● **What you should do**: Please output only the lines running from the one that contains "を押すと、ゲームモード選択画" through the last line of the data below, exactly as they stand, with no pictures.
——————
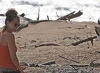 Джулия Роберт помогает своей дочери собирать ракушки на побережье острова Гавайи.
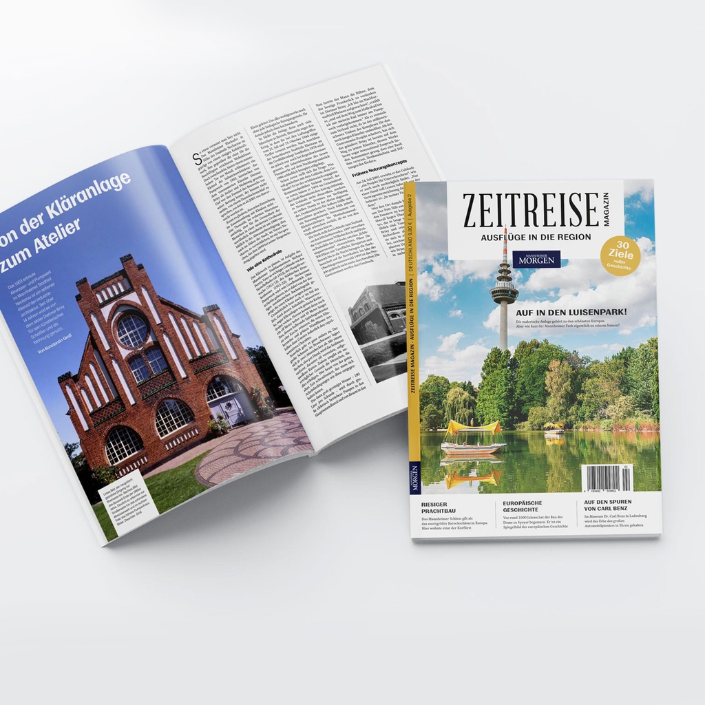 In der zweiten gedruckten Ausgabe präsentiert das „Zeitreise“-Magazin auf 100 Seiten weitere 30 interessante Ziele, um die sich viel Geschichte rankt. Mannheimer Luisenpark, Schloss und Schlossgarten Schwetzingen, Exotenwald Weinheim, Wormser Dom, Barockschloss Mannheim, Burgenweg Elmsteiner Tal und vieles mehr.
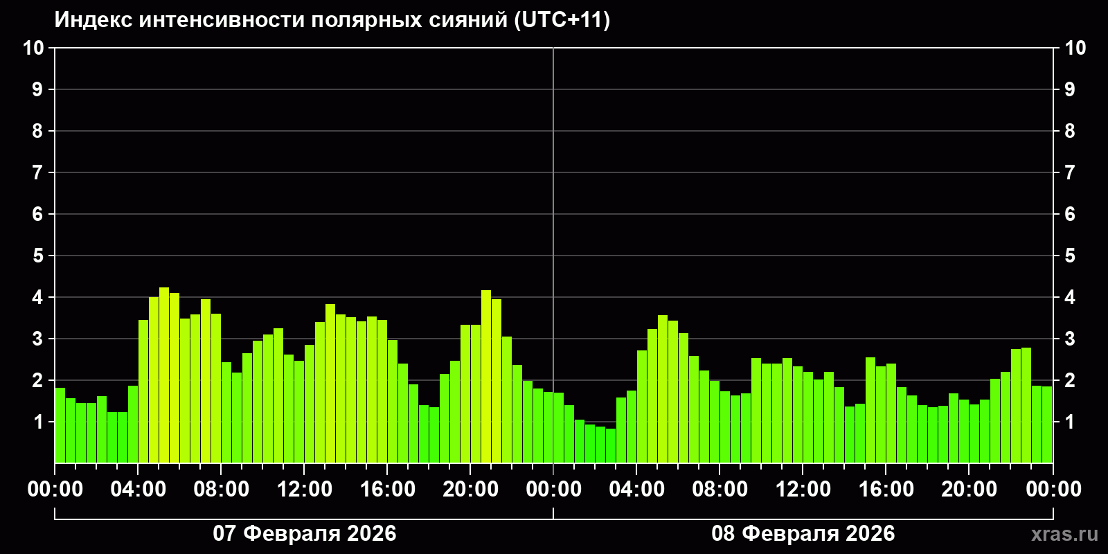 Изменения индекса интенсивности полярных сияний с 2026-02-07 по 2026-02-08 по местному времени
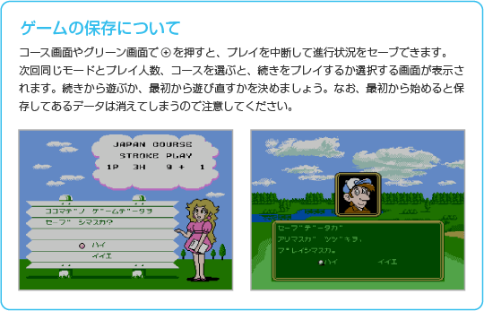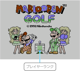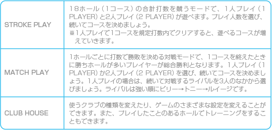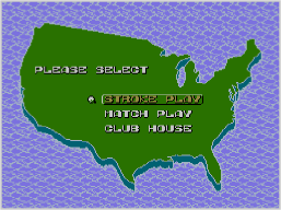 を押すと、ゲームモード選択画面に進みます。なお、タイトル画面のアルファベットはプレイヤーランクを表しており、「STROKE PLAY」モードの1人プレイでコースをクリアしていくとB(ビギナー)→A(アマチュア)→SP(セミプロフェッショナル)→P(プロフェッショナル)と変化していきます。
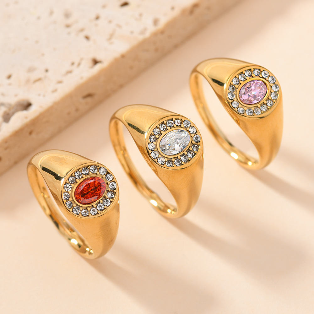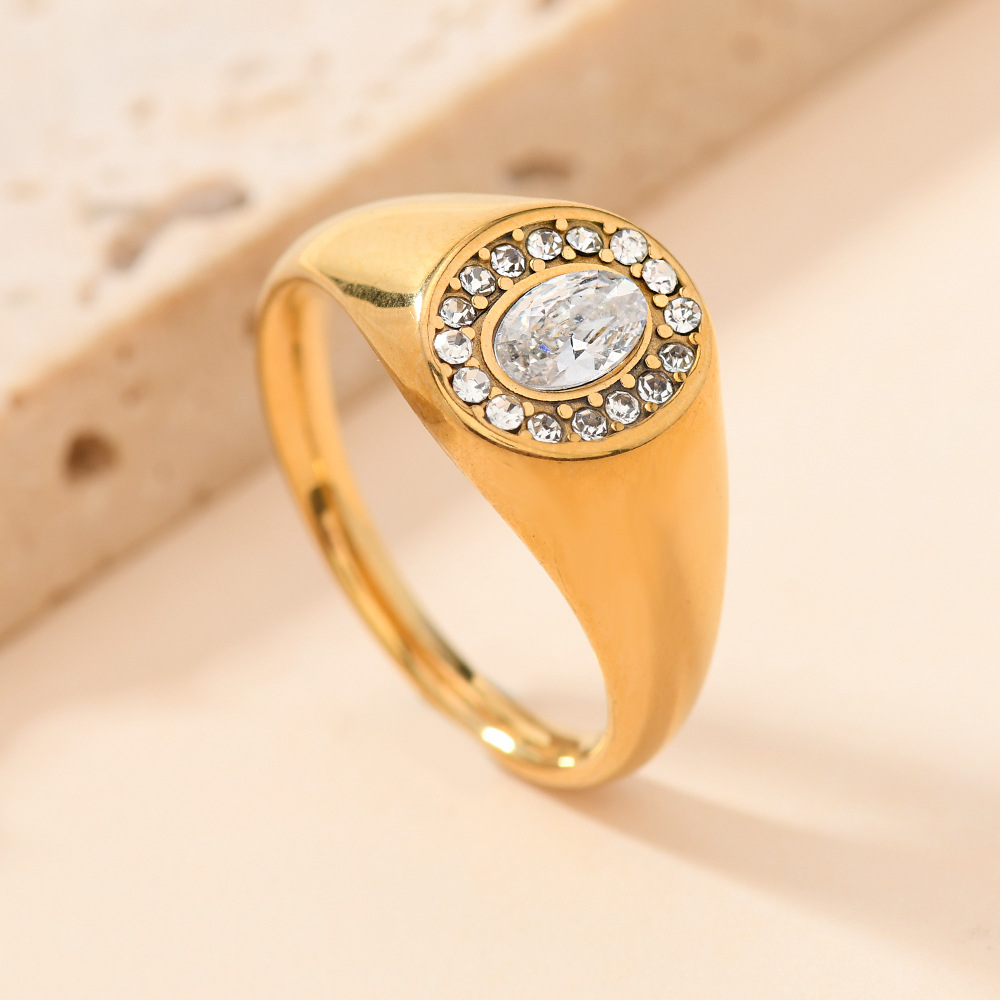 Rhinestone-Edelstahl -Finger-Ring, 304 Edelstahl, mit kubischer Zirkonia, goldfarben plattiert, unisex & verschiedene Größen vorhanden & mit Strass, keine, verkauft von PC
——————
● **Task solution**:
 を押すと、ゲームモード選択画面に進みます。なお、タイトル画面のアルファベットはプレイヤーランクを表しており、「STROKE PLAY」モードの1人プレイでコースをクリアしていくとB(ビギナー)→A(アマチュア)→SP(セミプロフェッショナル)→P(プロフェッショナル)と変化していきます。
 Rhinestone-Edelstahl -Finger-Ring, 304 Edelstahl, mit kubischer Zirkonia, goldfarben plattiert, unisex & verschiedene Größen vorhanden & mit Strass, keine, verkauft von PC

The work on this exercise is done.